Parents who could not afford a wet nurse turned to alternative baby foods. In early modern Europe and early America, caregivers mixed animal milk, water, or broth with flour, bread, or other grains, much like the Wabanaki blend of nut milk and cornmeal.

Such foods would have offered hydration and calories, but these benefits could come at a terrible cost. Spoiled or contaminated with pathogens in the days before modern food-safety standards, alternative infant foods could be deadly. Even at their best, they were rarely nutritionally sufficient for a child. Hanson’s experience of a baby thriving on an alternative diet was the exception, not the rule.

As the American food supply industrialized in the late 19th century, a new crop of milk substitutes became available. Their advertisements promised plump, happy babies. Such products were essential for the increasing numbers of women working outside the home, whether in domestic service or in Gilded Age factories that offered no worker protections and certainly no lactation rooms (the technology of pumping was extremely rudimentary at the time, anyway). But the plump infants on their labels notwithstanding, such foods were not necessarily more nutritionally complete than their homemade forebears of previous centuries.

Then there was the problem of cow’s milk—unpasteurized, unrefrigerated, occasionally adulterated, and shipped in open containers prone to contamination. At the turn of the 20th century, according to Jacqueline Wolf’s Don’t Kill Your Baby: Public Health and the Decline of Breastfeeding in the Nineteenth and Twentieth Centuries, Chicago public-health authorities estimated that bottle-fed babies were 15 times more likely to die than their breastfed counterparts. Close to 13 percent of all infants born in the United States died before their first birthday.

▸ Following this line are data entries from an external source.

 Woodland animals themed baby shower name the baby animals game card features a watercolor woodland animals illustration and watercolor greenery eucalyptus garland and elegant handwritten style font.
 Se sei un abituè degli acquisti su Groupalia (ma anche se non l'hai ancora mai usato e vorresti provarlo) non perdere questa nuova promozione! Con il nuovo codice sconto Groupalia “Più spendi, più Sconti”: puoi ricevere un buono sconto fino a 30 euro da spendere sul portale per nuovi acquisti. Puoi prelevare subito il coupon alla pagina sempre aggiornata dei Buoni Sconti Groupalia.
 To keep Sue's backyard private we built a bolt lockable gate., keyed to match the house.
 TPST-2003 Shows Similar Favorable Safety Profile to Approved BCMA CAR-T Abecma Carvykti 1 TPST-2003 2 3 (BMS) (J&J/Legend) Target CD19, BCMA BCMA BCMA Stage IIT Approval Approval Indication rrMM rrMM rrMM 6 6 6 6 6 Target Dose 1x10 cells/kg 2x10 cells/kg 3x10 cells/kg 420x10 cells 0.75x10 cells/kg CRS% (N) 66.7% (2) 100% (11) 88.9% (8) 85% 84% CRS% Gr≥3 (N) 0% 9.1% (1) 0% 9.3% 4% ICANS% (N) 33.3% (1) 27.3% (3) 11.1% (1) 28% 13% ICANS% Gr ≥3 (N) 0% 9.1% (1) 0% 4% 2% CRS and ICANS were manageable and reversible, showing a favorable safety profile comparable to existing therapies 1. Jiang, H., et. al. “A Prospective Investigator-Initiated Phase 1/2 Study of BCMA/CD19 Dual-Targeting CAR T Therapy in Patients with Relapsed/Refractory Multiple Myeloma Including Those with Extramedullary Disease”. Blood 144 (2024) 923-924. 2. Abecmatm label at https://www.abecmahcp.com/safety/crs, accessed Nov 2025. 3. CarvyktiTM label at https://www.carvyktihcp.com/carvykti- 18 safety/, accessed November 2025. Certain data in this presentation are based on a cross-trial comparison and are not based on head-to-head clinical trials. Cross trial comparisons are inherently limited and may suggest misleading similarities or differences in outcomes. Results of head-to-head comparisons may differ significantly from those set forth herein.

In response to the infant-feeding crisis, as Wolf relates, public-health officials spent the first decades of the 20th century cleaning up the milk supply. Pediatricians advised complicated “scientific” approaches to breastfeeding, such as scheduled feedings that inhibited milk supply. Rather than increasing breastfeeding rates, these innovations drove even more parents to bottle-feed. By the late 1960s, notes the historian Amy Bentley, only 20 to 25 percent of babies in the U.S. began their lives breastfeeding. The rest consumed formula, whether mixed at home from ingredients such as condensed milk and corn syrup or in the premixed forms that became commercially available in the 1950s.

Not until the 1960s and 1970s would countercultural movements begin to bring breastfeeding back into vogue. The argument that “breast is best,” taken up by medical and public-health authorities, has profoundly influenced policies on infant feeding in the late 20th and early 21st centuries, even as some research has pushed back against sweeping claims about breastfeeding’s health benefits to children.

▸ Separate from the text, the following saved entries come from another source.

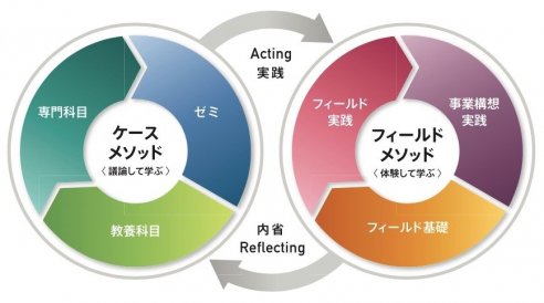 この事業では「ケースメソッド」と「フィールドメソッド」を効果的に組み合わせた集中プログラムを編成。フィールドメソッドを本格的に導入することで、学外実習でビジネスを実体験することができます。また授業科目の精選を進め、質と密度の高い学修を実現。ケースメソッドとフィールドメソッドの相乗効果により、問題解決能力やコミュニケーション能力を備えた未来のリーダーを養成します。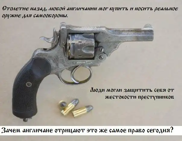 4 (в 1900 году каждый англичанин мог иметь в личном пользовании современное оружие, и уровень преступлений был так низок, что полицейские не носили огнестрельное оружие, сейчас граждане Британии разоружены, и уровень преступности так велик, что полицейские носят с собой пистолеты-пулеметы.)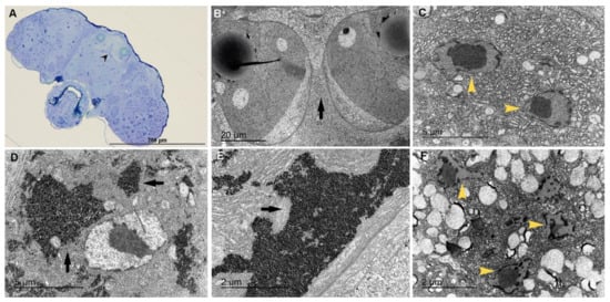 (A) Light microscopy; (B–F) TEM. Frontal medial section of a chalimus stage of sea lice; (A–C) Control specimens; (D–F) 3 weeks exposed specimens. (A) In light microscopy images of control animals there are not specially stained areas (corresponding to dark inclusions in TEM). Arrowhead shows the eyes. (B) Eyes of a control animal. The axons of the central nervous system surrounding the eye did not show dark inclusions (arrow). (C) Normal B cells nucleus (yellow arrowheads) in a control animal. (D) Dark inclusions in A cell cytoplasm are visible (arrows). (E) A large section of the cytoplasm of A cells are filled with ribosomes (dark inclusions, arrow). (F) By comparison to C, the B cell nuclei on exposed animals presented irregular shapes and chromatin compaction (yellow arrowheads). Scale bar: (A) = 200 µm; (B) = 20 µm; (C,D) = 5 µm; (E,F) = 2 µm.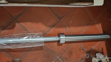 PESO20 KgLunghezza2200 mmLunghezza impugnabile1310 mmdiametro parte impugnabile28 mmAdattatori di carico (collari)Rotantidotazione4 cuscinetti a rullini, 2 boccolesistema di serraggio4 seegerdiametro adattatori di carico50 mmlunghezza adattatori di carico410 mmzigrinaturaMedia a diamante appiattitatratto centrale barraSenza zigrinaturaMarker810 mm (Powerlifting) e 910 (Weightlifting)trattamento superficiale barraHard Chromeacciaio barraSpecialeResistenza trazione barraTensile Strength PSI 132.000portata statica di caricamento300 Kgcarico massimo indicativoDeadlift: 180 Kg

Today in the United States, 84 percent of babies start breastfeeding at birth, though only 25.8 percent continue to exclusively breastfeed through six months of age as the CDC recommends. Disparities in breastfeeding rates reflect larger race and class disparities, with higher breastfeeding rates among wealthy white women.

The United States could, and should, do far more to support new parents. Policies such as paid family leave would enable more parents to breastfeed and to sustain breastfeeding for longer, if they so choose. But even if this country had the best social support system in the world, some families would still need or want to use formula.

The history of infant feeding before modern formula should caution us against gloating, as some have on social media, that the formula shortage will drive more parents to breastfeed. The past offers us a grim warning: Without safe, nutritionally complete alternatives to breast milk, infants will die.

The formula shortage is not a victory for breastfeeding. It is a calamity for families who, like families throughout history, just want to feed their children.